RNA sequencing and expression analysis reveal a role for Lhx9 in the haploinsufficient adult mouse ovary.

Understanding the molecular pathways that underpin ovarian development and function is vital for improving the research approaches to investigating fertility. Despite a significant improvement in our knowledge of molecular activity in the ovary, many questions remain unanswered in the quest to understand factors influencing fertility and ovarian pathologies such as cancer. Here, we present an investigation into the expression and function of the developmental transcription factor LIM Homeobox 9 (LHX9) in the adult mouse ovary.

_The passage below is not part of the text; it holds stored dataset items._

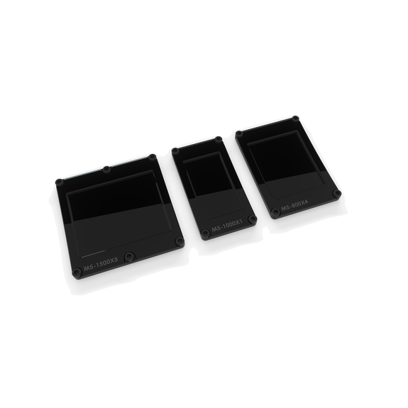 Replacement IPX6 covers for M5-800X4, M5-1000X1, M5-1500X5 amplifiers. Kit includes (1) M5-800X4 smoked cover, (1) M5-1000X1 smoked cover, and (1) M5-1500X5 smoked cover with mounting screws as shown in photo. Individual covers not sold separately.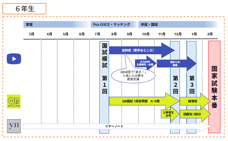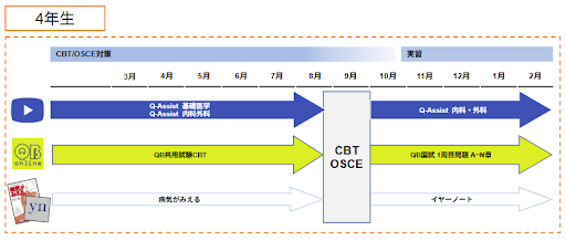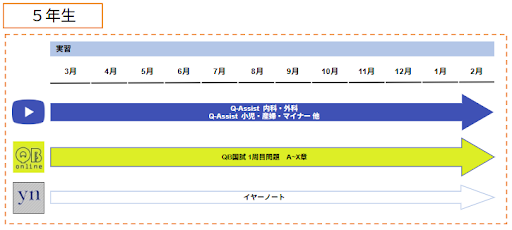 5年生の間は実習でまわる科にあわせて計画的に「Q-Assist」の「内科・外科」や「小児」「産婦」「マイナー」を視聴しつつ,「QB国試」を進めます.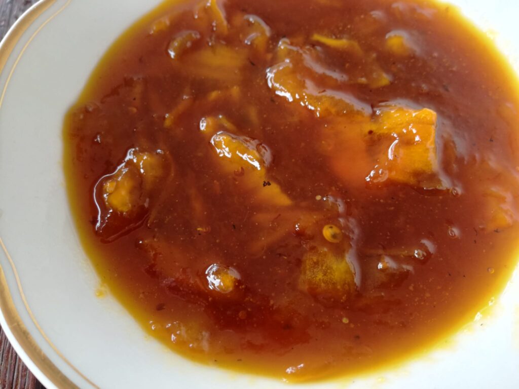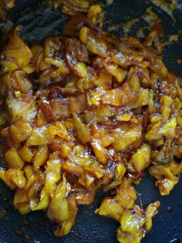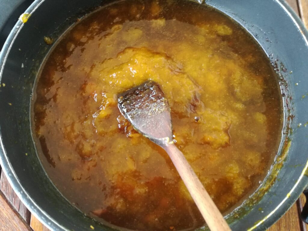Meanwhile, also the outside pulp must be cooked, with the same percentage of sugar. I had about 250 gr – 8 oz -, so 80 gr of sugar – 2 1/2 oz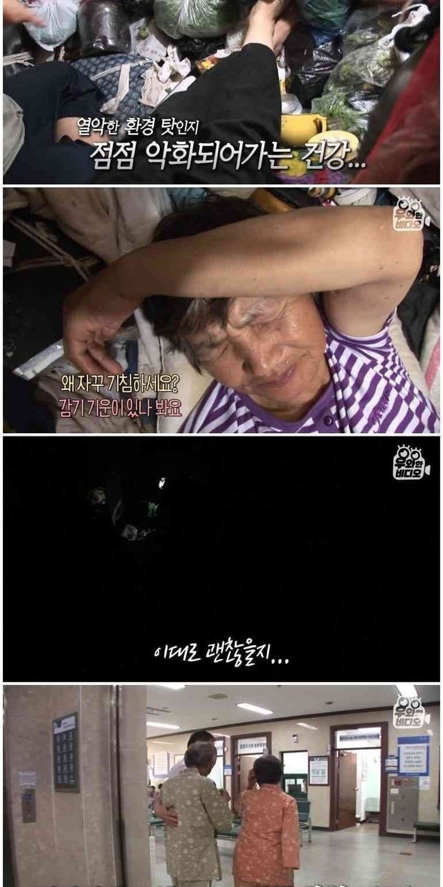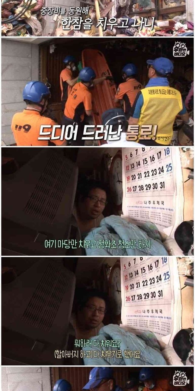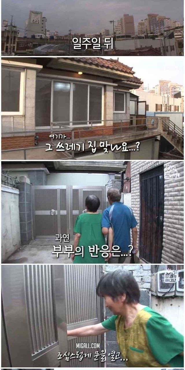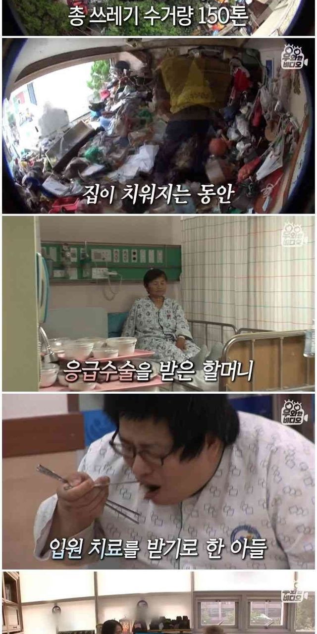 쓰레기집에 사는 부모와 아들.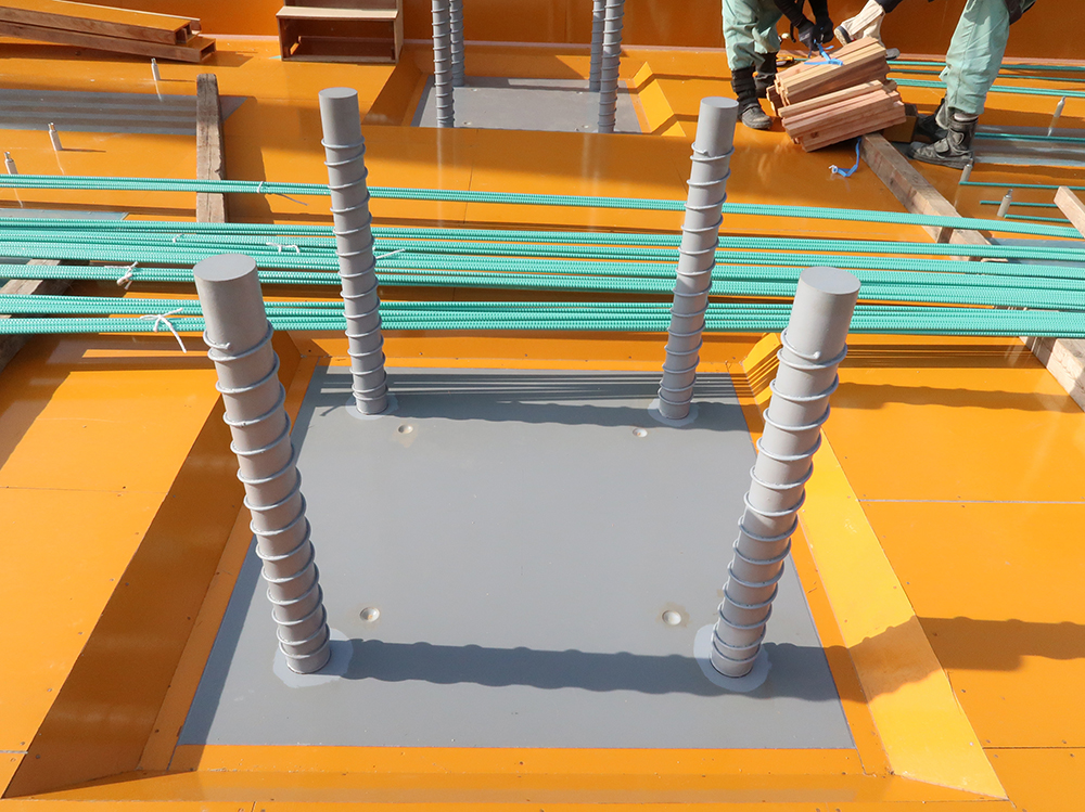 塩害対策区域のG1とG5では鉄筋すべてにエポキシ樹脂塗装鉄筋を採用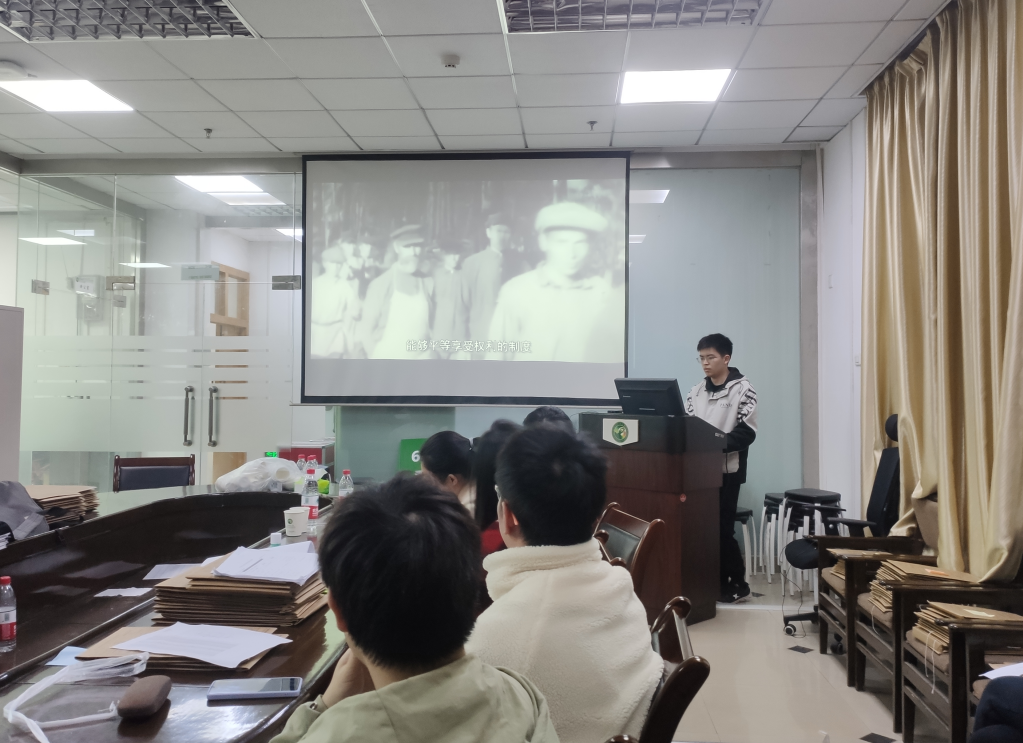活动期间,为帮助大家更加形象地认识到中国民主的科学性、实践性、广泛性,全体党员同志共同观看了有关中国与美式民主的几段视频资料。视频以普通民众和历史事实的角度展现中国基层决策与美国社会现状。观后,黄俊同志表示,在“西方视角下的中国民主”与“中国视角下的西方民主”的鲜明对比下,无疑体现出了中国的全过程人民民主是真正的“民主”,无疑展现了中国民主的强大优越性。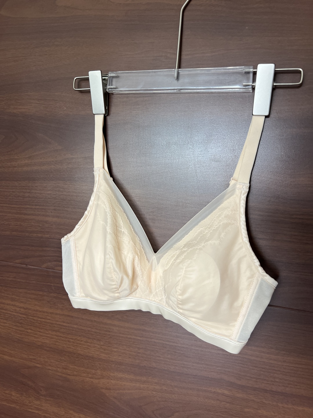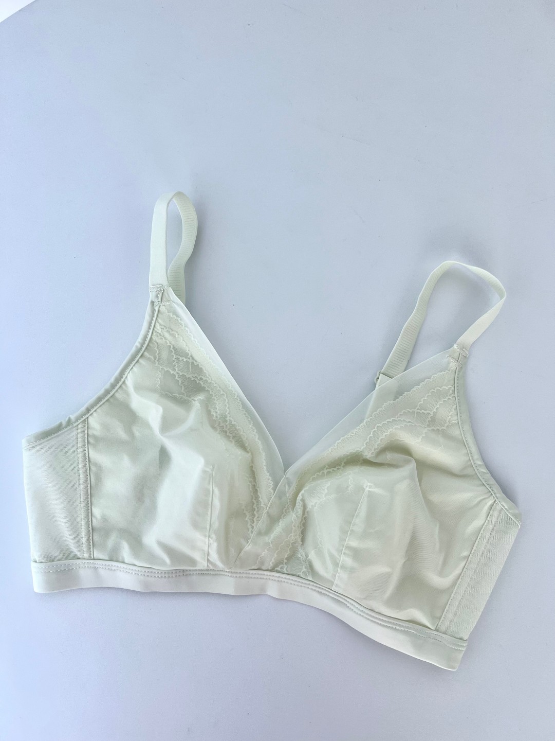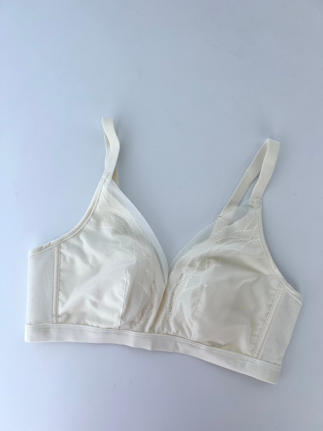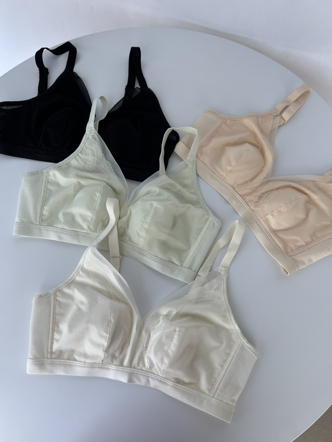 码数非常适合想要纸片人效果的姐妹 整件内衣厚度不足0.3cm拥有更充盈的包容空间 客供提花蕾丝 柔软细腻不扎肉 搭配缎感包边 勾勒性感深V曲线 无钢圈设计让胸部舒适自在

We have characterized Lhx9 expression in several cell types of the mature ovary across follicle stages. To evaluate possible LHX9 function in the adult ovary, we investigated ovarian anatomy and transcription in an Lhx9+/- knockout mouse model displaying subfertility. Despite a lack of gross anatomical differences between genotypes, RNA-sequencing found that 90 differentially expressed genes between Lhx9+/ - and Lhx9+/+ mice. Gene ontology analyses revealed a reduced expression of genes with major roles in ovarian steroidogenesis and an increased expression of genes associated with ovarian cancer. Analysis of the ovarian epithelium revealed Lhx9+/ - mice have a disorganized epithelial phenotype, corresponding to a significant increase in epithelial marker gene expression. These results provide an analysis of Lhx9 in the adult mouse ovary, suggesting a role in fertility and ovarian epithelial cancer.